The guide also includes a sheet meant to help the seder leader incorporate it all into the ritual meal, coasters and even a matzah box centerpiece with cards for the Four Questions meant to represent the supplies the JDC has sent around the world since World War I. It’s basically a historical, multicultural seder in a box — just add Haggadah and food.
The Trump Passover Haggadah: “People All The Time They Come Up To Me And Tell Me This Is The Best Haggadah They’ve Ever Read, They Do, Believe Me”
Topic: The 45th president of the United States
The Amazon description, like the title, will tell you this Haggadah isn’t for diehard fans of President Donald Trump: “The book guides Seder participants through a re-living of the Jewish people’s suffering under the Egyptians and celebrates their freedom from a vain, capricious, thin-skinned, small-handed, megalomaniacal, temperamentally unfit President— er, Pharaoh. If you’re an afflicted liberal Jew, with an unconservative sense of humor, and you find traditional Seders as dry as matzo, try these radically irreverent political parody Haggadahs this Passover.”
There isn’t much more information on the Amazon page, except that the Haggadah is an online best-seller. Judging from author Dave Cowen’s bylines in McSweeney’s and The New Yorker, it’s probably pretty funny, too.
HIAS Haggadah supplement
Topic: International refugees
Formerly the Hebrew Immigrant Aid Society, HIAS was founded in 1881 to help Russian Jewish immigrants settle into the U.S., but these days it lends a hand to all kinds of populations around the world. Its 11-page guide offers a blueprint for weaving refugee references and stories into almost every aspect of your seder, from an Ethiopian saga meant for one of the blessings over wine to a Rohingya mention in the seder plate discussion. It becomes explicitly political at the end and offers tips on how to take real-world action to help refugees.
“In the face of unprecedented efforts to limit refugees’ ability to seek safety in the United States – even as more people are displaced by violence and persecution than ever before – these powerful symbols of both the unimaginable suffering and the boundless resilience and hope of refugees feel particularly poignant,” a statement on the HIAS website reads.

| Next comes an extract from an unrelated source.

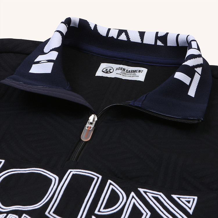 ・가슴의 기하학 로고 자수와 밑단의 MID CENTURY 풍 피스네임이 브랜드의 아이덴티티를 더함

Repair the World/Be’chol Lashon Haggadah insert and trivia cards
Topic: Jewish diversity
“How do we connect the ancient story of Exodus to modern struggles for freedom as individuals and as a multiracial, multiethnic Jewish community?”
That’s the thinking behind this Haggadah insert and set of trivia cards from the nonprofits Repair the World and Be’chol Lashon, which help connect Jews with volunteer work and promote awareness of Jewish diversity, respectively. The insert asks seder participants to discuss the the Exodus theme, the Rev. Martin Luther King Jr. and what freedom means. The cards contain trivia about international communities, such as the Abayudaya Jews in Uganda or the Jews of Gibraltar.

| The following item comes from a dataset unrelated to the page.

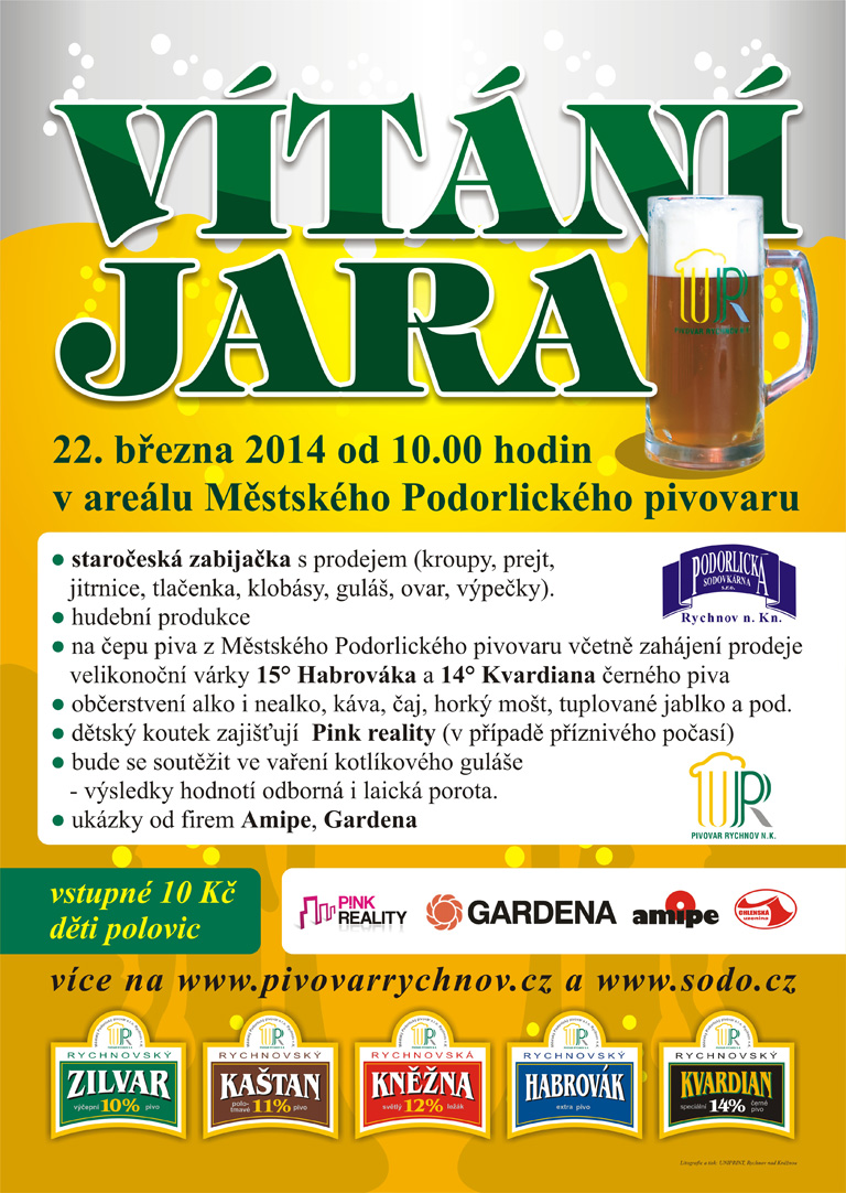 Na 22. 3. 2014 chystáme tradiční akci Vítání Jara. Při této akci se začnou čepovat naše speciály, které vaříme právě pro tuto akci a pro období vánočních svátků. Dále na této akci probíhá soutěž ve vaření kotlíkového guláše, kdy 12 družstev bude hodnotit odborná i laická porota, budou se zde prodávat zabijačkové speciality.

A landing page for the materials claims that 20 percent of American Jews identify as African-American, Latino, Asian, mixed race, Sephardi and Mizrahi.
Haggadahs in French, Portuguese, Russian, Italian and Spanish
Topic: Cultural and linguistic diversity
Have a non-English or non-Hebrew speaker coming to your seder? Want to brush up on the foreign language skills you haven’t practiced since college? In those cases, for example, you might be interested in a Haggadah in a different language. These offerings from the Kehot Publication Society, an arm of the Chabad-Lubavitch movement, aren’t brand new, but cultural diversity is of the moment. They are all 114 pages and inexpensive.